How long does it take to see cardiovascular benefits from semaglutide?
The survival curves in SELECT started separating within the first 12 months of treatment, suggesting cardiovascular benefits begin relatively early. However, the benefits continued to accumulate over the full 40-month average follow-up period, meaning longer treatment duration provided greater protection. This isn't a quick fix—it's a long-term preventive therapy similar to taking a statin or blood pressure medication. We typically tell patients to think of this as an ongoing commitment to cardiovascular protection, not a temporary intervention. The weight loss happens more quickly (most occurs in the first 6-12 months), but the cardiovascular benefits build over years.
Will insurance cover semaglutide for cardiovascular protection?
Coverage is evolving following SELECT's publication and the FDA's approval of the cardiovascular indication. Some insurance plans now cover semaglutide when prescribed specifically for cardiovascular risk reduction in patients who meet SELECT criteria, even if they previously denied coverage for weight management alone. Medicare coverage remains complex—traditional Medicare Part D plans often exclude weight loss medications, but the cardiovascular indication may create coverage pathways through different mechanisms. Your best approach is to have your provider submit a prior authorization specifically citing the cardiovascular indication if you have documented heart disease. Compounded semaglutide options like those offered through Ozari Health provide an affordable alternative ($99/month) when insurance denials occur.
Can I take semaglutide if I'm already on other heart medications?
Yes, and you absolutely should continue your other cardiovascular medications. SELECT participants were already on standard guideline-directed medical therapy—93% were taking antiplatelet drugs like aspirin, 90% were on statins, 83% were taking ACE inhibitors or ARBs for blood pressure, and 76% were on beta-blockers. Semaglutide was added on top of these medications, not instead of them. Think of it as another tool in your cardiovascular protection toolkit, working through different mechanisms than your other drugs. The combination is what provides optimal protection. Never stop existing heart medications to start semaglutide—this medication adds to your regimen, it doesn't replace proven therapies.
What's the difference between the SELECT trial and the STEP weight loss trials?

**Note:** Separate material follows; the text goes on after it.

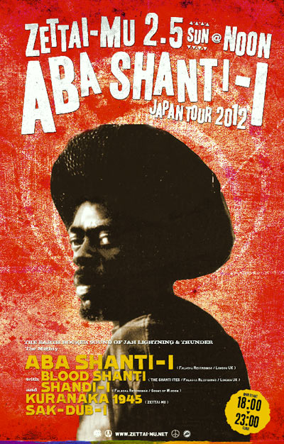 | 2012.2.5 (SUN) ZETTAI-MU -- ORIGINAL OSAKA -- "ABA SHANTI-I JAPAN TOUR 2012 OSAKA" UKs No.1 DUB SOUND SYSTEM 『 ABA SHANTI-I 』 2年ぶりの来日!! Roots & Culture/DUBの聖地、シーン最大のダンス〈UNIVERSITY OF DUB〉と世界最大のウェストインディーズ・カーニバル〈NOTTINGHILL CARNIVAL〉のオフィシャルサウンドシステム『 ABA SHANTI-I 』待望の来日!! 通常のシステムに加え、先日sunsuiに投入したウーファー8発が入ります!! |

The STEP trials studied semaglutide primarily for weight loss in people with obesity, measuring outcomes like percentage body weight reduction and improvements in obesity-related complications. SELECT used the same semaglutide dose (2.4 mg weekly) but studied a different population—people with established cardiovascular disease—and measured different outcomes: heart attacks, strokes, and cardiovascular death. While STEP participants lost slightly more weight on average (about 15% versus 9.4% in SELECT), SELECT's participants were older, had more medical comorbidities, and were specifically selected for high cardiovascular risk. The trials complement each other: STEP proved semaglutide's weight loss efficacy, while SELECT proved it prevents cardiovascular events. Both matter, but SELECT elevated semaglutide from a lifestyle medication to a potentially lifesaving cardiovascular therapy.